These indicate the joint angles (“jAngsL”, “jAngR”) and are calculated using inverse kinematics (IK). The calculations are made by setting the base of each leg as an end-effector and foot as the base.
You can find the code which calculates these joint angles in the file “invKinBody2Foot” in the following file exchange: https://www.mathworks.com/matlabcentral/fileexchange/64227-matlab-and-simulink-robotics-arena-walking-robot
In the file, the function “invKinBody2Foot” calculates the joint angles required to position the foot at a specified transformation relative to the body.
Here's a brief summary about the approach followed in the "invKinBody2Foot" function:
The function first applies some offsets to convert this transformation from the body to the foot into a form that relates the base of each leg to the foot.
2. The function “invKinBody2Foot” computes the inverse of the transformation matrix.

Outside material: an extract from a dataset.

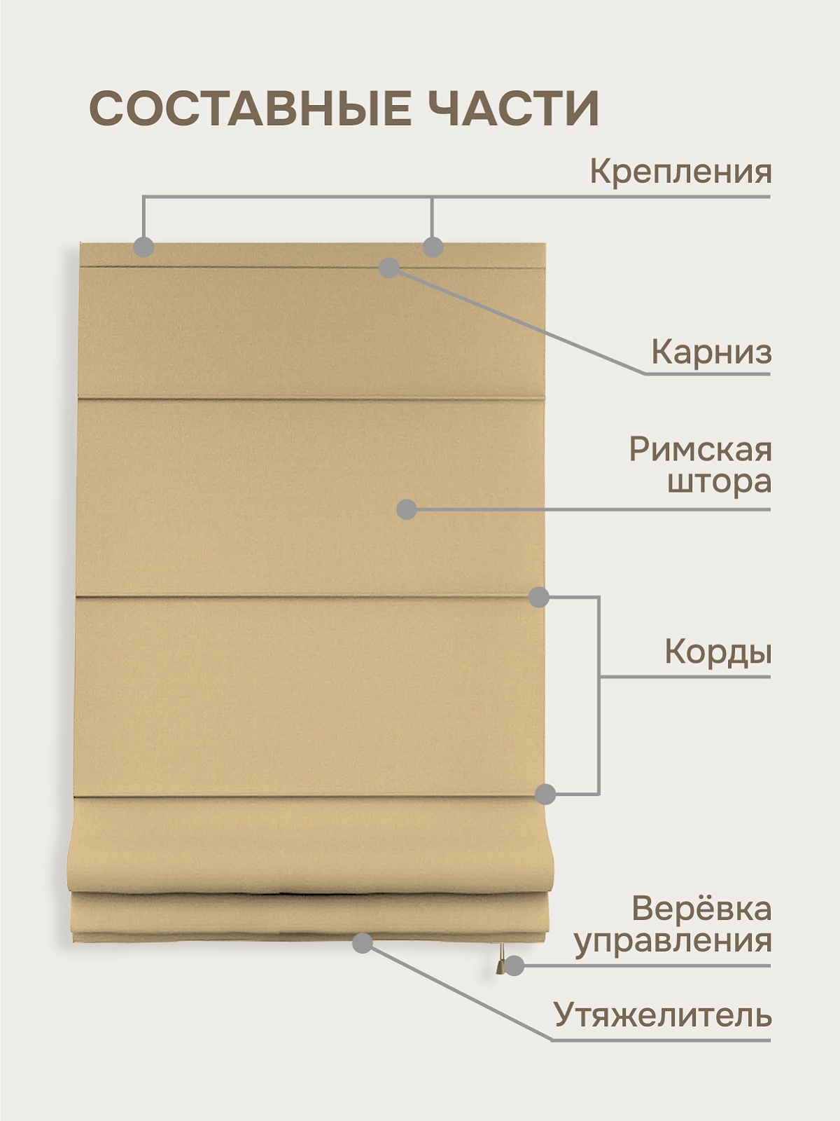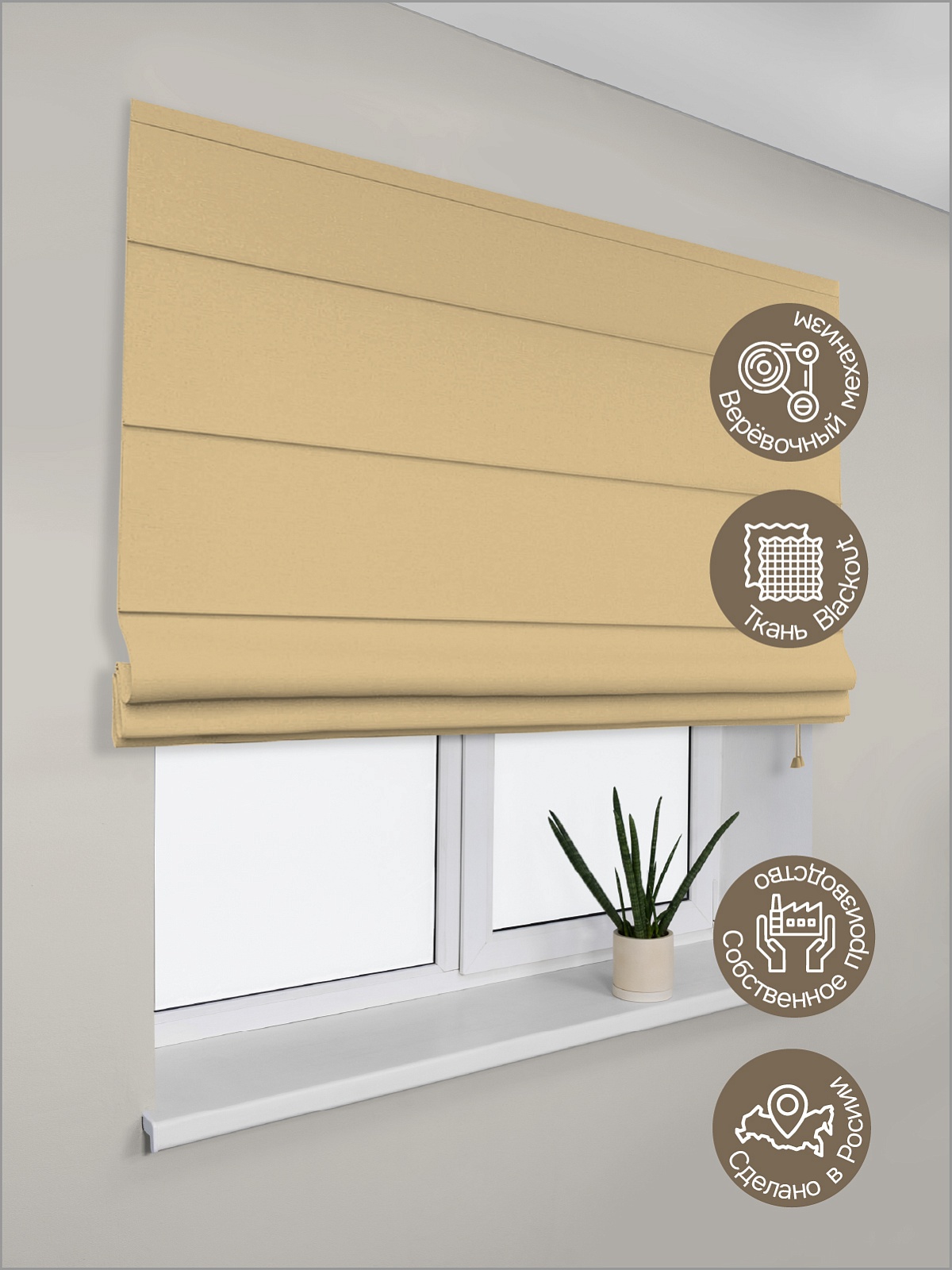Римская штора на верёвочном механизме, Blackout, цвет ваниль

This is done by taking the transpose of rotation matrix R and adjusting the position vector “p”. This effectively transforms the problem into finding the joint angles that position the foot relative to the base of the leg.
This function uses an analytical inverse kinematics solution derived from the paper which the above file mentions at its beginning. This involves solving for the joint angles in reverse order, starting from the foot and moving towards the hip.
3. Calculations for knee angle(“th4”), ankle pitch angle(“th5”), ankle yaw angle(“th6”) are calculated using the properties of triangles and vectors. You can read more about it in the example file: https://viewer.mathworks.com/?viewer=live_code&url=https%3A%2F%2Fwww.mathworks.com%2Fmatlabcentral%2Fmlc-downloads%2Fdownloads%2F3412b526-987b-4ab2-876d-bce7a62a2e5e%2F4697ade5-08c0-4e35-a8e3-78058d7486a0%2Ffiles%2FControlDesign%2FInverseKinematics%2FcalculateInvKin.mlx&embed=web
So, the computed joint angles “th1” through “th6” are packed into a vector “th” representing the complete set of joint angles needed for foot to achieve the desired position and orientation.
You can read more about the approach and calculation in the example section of the following file exchange: https://www.mathworks.com/matlabcentral/fileexchange/64227-matlab-and-simulink-robotics-arena-walking-robot
Hope this helps!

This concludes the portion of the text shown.